Understanding lock_scanned_ranges hint of Cloud Spanner
Google Cloud Spanner is a modern and fully managed relational database that offers the highest availability and consistency at any scale. It is easy to adopt for database developers due to its familiarity with Ansi SQL language and now it offers PostgreSQL compatible interface as well.
Hints have always been one of the core features databases offer to influence various options like join order, method or index to use. Spanner supports many such hint, in this blog we will discuss on LOCK_SCANNED_RANGES hint. Acquiring exclusive locks is needed for transactions that upgrade locks from shared to exclusive within a transaction or have observed high write contention and abort of transaction scenarios.
lock_scanned_ranges hint helps us acquire exclusive locks on rows as part of select and releases once transaction is complete. lock_scanned_ranges have some important considerations to be aware of, before implementing it.
Let’s get into action and understand it better, will our sample. Table tblsample with some dummy records and using lock_scanned_rows on NAME filter.
CREATE TABLE tblsample (
ID INT64 NOT NULL,
NAME STRING(44) NOT NULL,
TYPE STRING(44) NOT NULL,
CREATED_DATE TIMESTAMP,
MODIFIED_DATE TIMESTAMP
)PRIMARY KEY(ID);INSERT INTO tblsample (ID,NAME, TYPE, CREATED_DATE)
SELECT *
FROM UNNEST ([(1,'APPLE', 'FRUIT', CURRENT_TIMESTAMP),
(2,'CAR', 'VEHICLE', CURRENT_TIMESTAMP),
(3,'MANGO', 'FRUIT', CURRENT_TIMESTAMP),
(4,'BANANA', 'FRUIT', CURRENT_TIMESTAMP),
(5,'CRICKET', 'SPORTS', CURRENT_TIMESTAMP),
(6,'FOOTBALL', 'SPORTS', CURRENT_TIMESTAMP),
(7,'POTATO', 'VEGETABLE', CURRENT_TIMESTAMP),
(8,'KIWI', 'FRUIT', CURRENT_TIMESTAMP)
]);
We will use spanner-cli for connecting to Spanner and execute our sample queries.
Using lock_scanned_ranges, we will implement exclusives locks on concerned rows and block exclusive access on rows for another session.
In session1, we acquire exclusive lock using sql with filter name=’apple’ that returned only one row. In session 2, we are trying to acquire locks but with different filter name=’mango’ that would also return only 1 rows but it is waiting to acquire lock.

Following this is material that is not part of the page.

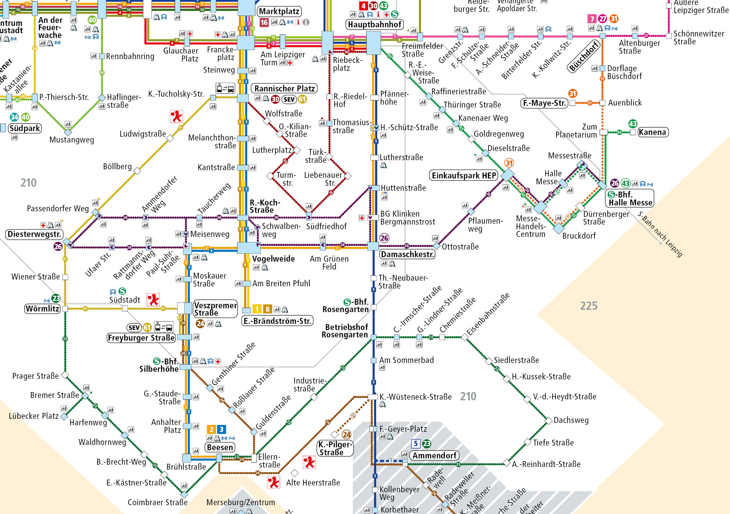 Unter Berücksichtigung des Nahverkehrsplans der Stadt Halle (Saale) werden die Haltestellen Dieselstraße, Goldregenweg, Kanenaer Weg nicht mehr bedient. Alternativ kann die Haltestelle Pflaumenweg mit den hier zukünftig verkehrenden Linien 26 und 43 genutzt werden.

To understand why session 2 was not able to acquire a lock, we can look into the execution plan and build our observations.
Highlighting some key observations based on execution plan and lock_scanned_ranges hint.
Access pattern on table tblsample is Full scan due to no index on NAME column
Rows scanned(8 row) is high as compared on rows returned(1 row)
lock_scanned_ranges as name implies, is not based on rows returned but based on rows scanned.
It’s important to design optimal access patterns to minimize rows scanned, primarily when using lock_scanned_ranges hints. Scanning rows not getting returns can create hot lock contention and impact scaling due to row locks on scanned rows.
Let’s go ahead and create a secondary index on the name column for our sample table.
spanner-session1>create index idx_test1 on tblsample(NAME);
Query OK, 0 rows affected (15.86 sec)
Now if we retry previous scenario, In session1, we acquire exclusive locks using sql with filter name=’apple’ that return only one row. In session 2, we are trying to acquire locks but with different filter name=’mango’ that will return only 1 rows and lock will be succeed.
Due to new index, rows scanned are reduced to only filtered rows and if another session needs to lock on other rows it will be successful.
Conclusion
Using lock_scanned_ranges for exclusive locks needs to be driven by a detailed understanding of the rows scanned and underlying access patterns within the execution plan. It should be used on Filters having index access pattern to minimize rows scanned.